Today we’d like to talk about goals.
What are your goals?
Some people have a goal to, say, see a game at every Major League baseball stadium in their lifetime. Others, say, wish to um, visit every country in the former USSR. Really cool people, meanwhile, aspire to read every Man Booker Prize winner in the last twenty-years.
What? What’s the Man Booker Prize, you ask? Why, it’s s a literary prize awarded each year for the best original full-length novel, written in the English language, by a citizen of the Briti
sh Commonwealth, Ireland, or Zimbabwe.
I kinda have beef with this prize. For starters, David Mitchell’s third novel, Cloud Atlas, was short-listed for it, but didn’t win. A terrible crime. The novel, which weaved together six startlingly different narratives, spanning genres and timeframes, was the most inventive thing I’ve ever read. I still can’t believe it! Recommended highly.

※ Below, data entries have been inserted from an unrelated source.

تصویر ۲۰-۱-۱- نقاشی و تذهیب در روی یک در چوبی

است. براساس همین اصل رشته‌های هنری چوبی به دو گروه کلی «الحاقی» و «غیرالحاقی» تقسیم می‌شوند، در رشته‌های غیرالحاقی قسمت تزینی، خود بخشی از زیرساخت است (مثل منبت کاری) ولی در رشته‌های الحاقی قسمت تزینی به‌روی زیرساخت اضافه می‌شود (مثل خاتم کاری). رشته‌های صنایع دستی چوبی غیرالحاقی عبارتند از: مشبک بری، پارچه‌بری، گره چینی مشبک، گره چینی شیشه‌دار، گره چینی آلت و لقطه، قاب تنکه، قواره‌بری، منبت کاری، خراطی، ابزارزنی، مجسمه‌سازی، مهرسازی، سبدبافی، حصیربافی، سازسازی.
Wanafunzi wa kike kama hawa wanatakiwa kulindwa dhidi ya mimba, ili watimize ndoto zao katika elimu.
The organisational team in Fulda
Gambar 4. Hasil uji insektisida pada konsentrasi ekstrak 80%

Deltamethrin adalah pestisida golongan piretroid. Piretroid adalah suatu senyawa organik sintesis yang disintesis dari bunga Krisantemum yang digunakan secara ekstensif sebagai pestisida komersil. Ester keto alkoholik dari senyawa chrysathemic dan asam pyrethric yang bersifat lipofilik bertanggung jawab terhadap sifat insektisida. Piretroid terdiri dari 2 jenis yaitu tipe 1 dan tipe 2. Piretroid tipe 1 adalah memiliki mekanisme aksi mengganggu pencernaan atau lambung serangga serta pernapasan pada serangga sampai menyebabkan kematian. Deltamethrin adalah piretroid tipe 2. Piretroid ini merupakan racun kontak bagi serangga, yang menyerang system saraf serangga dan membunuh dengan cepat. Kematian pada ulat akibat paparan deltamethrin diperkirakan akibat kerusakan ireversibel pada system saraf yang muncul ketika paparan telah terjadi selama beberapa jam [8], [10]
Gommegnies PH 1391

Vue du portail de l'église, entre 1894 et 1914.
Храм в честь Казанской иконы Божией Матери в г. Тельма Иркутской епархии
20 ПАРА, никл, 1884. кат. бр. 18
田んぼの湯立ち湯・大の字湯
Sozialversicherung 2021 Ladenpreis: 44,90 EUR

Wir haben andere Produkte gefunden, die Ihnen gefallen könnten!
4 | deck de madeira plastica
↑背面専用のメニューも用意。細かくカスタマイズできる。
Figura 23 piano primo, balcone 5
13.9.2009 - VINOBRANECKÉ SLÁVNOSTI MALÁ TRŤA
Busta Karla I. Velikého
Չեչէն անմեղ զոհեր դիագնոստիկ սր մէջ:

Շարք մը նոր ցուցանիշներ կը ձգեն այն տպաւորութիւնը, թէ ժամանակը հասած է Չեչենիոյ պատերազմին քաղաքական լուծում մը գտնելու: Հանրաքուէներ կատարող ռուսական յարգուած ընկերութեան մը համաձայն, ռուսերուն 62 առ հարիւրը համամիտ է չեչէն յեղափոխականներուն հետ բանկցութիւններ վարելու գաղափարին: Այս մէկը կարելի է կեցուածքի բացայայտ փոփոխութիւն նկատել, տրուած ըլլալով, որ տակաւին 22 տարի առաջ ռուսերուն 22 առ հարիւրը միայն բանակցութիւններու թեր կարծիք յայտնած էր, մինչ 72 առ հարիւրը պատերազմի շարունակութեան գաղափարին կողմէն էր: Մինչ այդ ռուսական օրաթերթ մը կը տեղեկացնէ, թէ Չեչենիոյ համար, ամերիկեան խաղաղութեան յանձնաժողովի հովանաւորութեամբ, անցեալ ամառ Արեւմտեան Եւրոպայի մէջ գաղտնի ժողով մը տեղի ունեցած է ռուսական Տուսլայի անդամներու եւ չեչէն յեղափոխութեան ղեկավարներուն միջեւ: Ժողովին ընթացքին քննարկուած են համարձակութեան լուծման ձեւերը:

Meanwhile, Kerry Hulme’s Bone People won it in 1985. It’s a book we carry and was recommended to me by a co-worker. Here’s the synopsis, which I cut and pasted:
In a tower on the New Zealand sea lives Kerewin Homes, part Maori, part European, an artist estranged from her art, woman in exile from her family. One night her solitude is disrupted by a visitor – a speechless, mercurial boy named Simon, who tries to steal from her and then repays her with his most precious possession. As Kerewin succumbs to Simon’s feral charms, she also falls under the spell of his Maori foster father Joe, who rescued the boy from a shipwreck and now treats him with an unsettling mixture of tenderness and brutality.
Having had time to reflect, I’d proceed with caution regarding this one. Whenever approaching a novel, we’ve been conditioned to expect certain things: one, being a narrative arc; two, action-packed awesomeness; and three, the accululation of empathy for said characters. “The Bone People” generally fails to deliever on all three of these things.
Which isn’t of course, a bad thing in theory. It’s the execution that’s critical. Books without plots – a certain piece of obscene filth comes to mind – can easily inspire and become part of the modern canon. Don’t get me wrong, the Bone People has a narrative, but it’s glacial – and the book is really, really long. If anything, Hulme’s sheer explosiveness and poetic mysticism as a writer makes one embrace the lack of narrative as well as the second point above, the lack of Hollywood-like action.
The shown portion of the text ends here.